Beyond the Mixing of Politics & Religion


By William H. Willimon | April 1986
The Rev. William H. Willimon is Minister to the University and Professor of the Practice of Christian Ministry at Duke University in North Carolina. A United Methodist, he is the author or co-author of 20 books, and is an Editor-at-Large for both The Christian Century and the Wittenburg Door.

For some time now, most of us Christians have regarded it as axiomatic that Christians ought to “go public” with our moral agenda and vote, lobby, pressure, and march to change our society for the better. Today a wide array of Christian groups, from conservative and liberal Protestants to the Catholic bishops believe that the church must try to embody its ethical vision through legislation. Indeed, more and more Christians are “going pub­lic” with their moral agenda. The man who once left my congregation because he didn’t care for a preacher who “mixed politics with religion” is to­day a minority on both the Right and the Left.

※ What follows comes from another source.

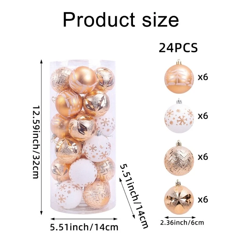 Features: Immersing yourself in the festival with our exquisitely hand painted Christmas Ornament, a essential to light up your holiday. Crafted from sturdy plastic, these Christmas sphere boast easy to hanging features and is designed for longevities, ensuring they can graces your celebration year after year. Perfect for Christmas enthusiasts of all ages, our ornament is a delicate addition to any homes, office, or storefronts look to add a touch of yuletide charm. Whether adorning your Christmas tree, embellishing your window, or accenting your porches and hallways, these decorations create a warm ambiances that captures the essences of Christmas. Elevates your holiday decors with these Christmas baubles, which seamlessly blend traditional craftsmanship with modern aesthetic, making a great option for creating festival moment. Specifications: Component:Plastic Color:Pink/ /Yellow/Gold/Blue/ Single Size:Approx.6cm/2.36inches Package Includes: 24Pcs/Set Hand Painted Christmas Sphere Ornament (4 pattern, each with 6 pieces) note: Please allow 1-2cm error due to manual measurement. Please make sure you do not mind before you bid. Due to the difference between different monitors, the picture may not reflect the actual color of the item. Thanks!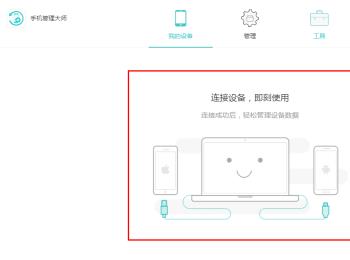 1. 如图,以手机管理大师工具为例,没有的请大家自行下载安装,打开电脑上的工具,然后使用USB数据线连接电脑和手机;

In the 1960s, liberal Christians organized for civil rights and peace. Then, somewhat to the liber­als’ surprise, conservative Christians found that two could play the game. Into the political arena enter­ed the Moral Majority of the 1980s, fighting for prayer in public schools and against abortion. “Foul,” cried liberal Christians, “What are they do­ing here?” Yet Jerry Falwell and his New Right were only doing what the Left did so well earlier — pushing a political program upon the body politic in the name of Jesus. Now we have two competing views of a just society both claiming to be “Chris­tian.” I can understand a politician’s dismay in wondering just what the Christian political pro­gram is.

Yet in the attempt, right or left, to involve the church in politics to form a better society, we have forgotten the church’s more profound politi­cal task, which is to be a better society. I’m not bothered that Christians are in politics. My prob­lem is that Christians are not usually in politics on our own terms, from the unique standpoint of peo­ple who are trying to follow Jesus Christ.

We Americans are in a predicament that calls for more than minor tinkering with our political machinery. Plato said the function of politics is to help people be good. Public virtues such as kind­ness, mutual concern, and the common good are supposed to be fostered through politics. As George Will says, “Statecraft is soulcraft.”

Yet it is in this matter of public virtue that our own society has failed. We have produced a so­ciety renowned for productivity and consumption, a society that has given unprecedented freedom to its citizens. And yet, is our success our undoing?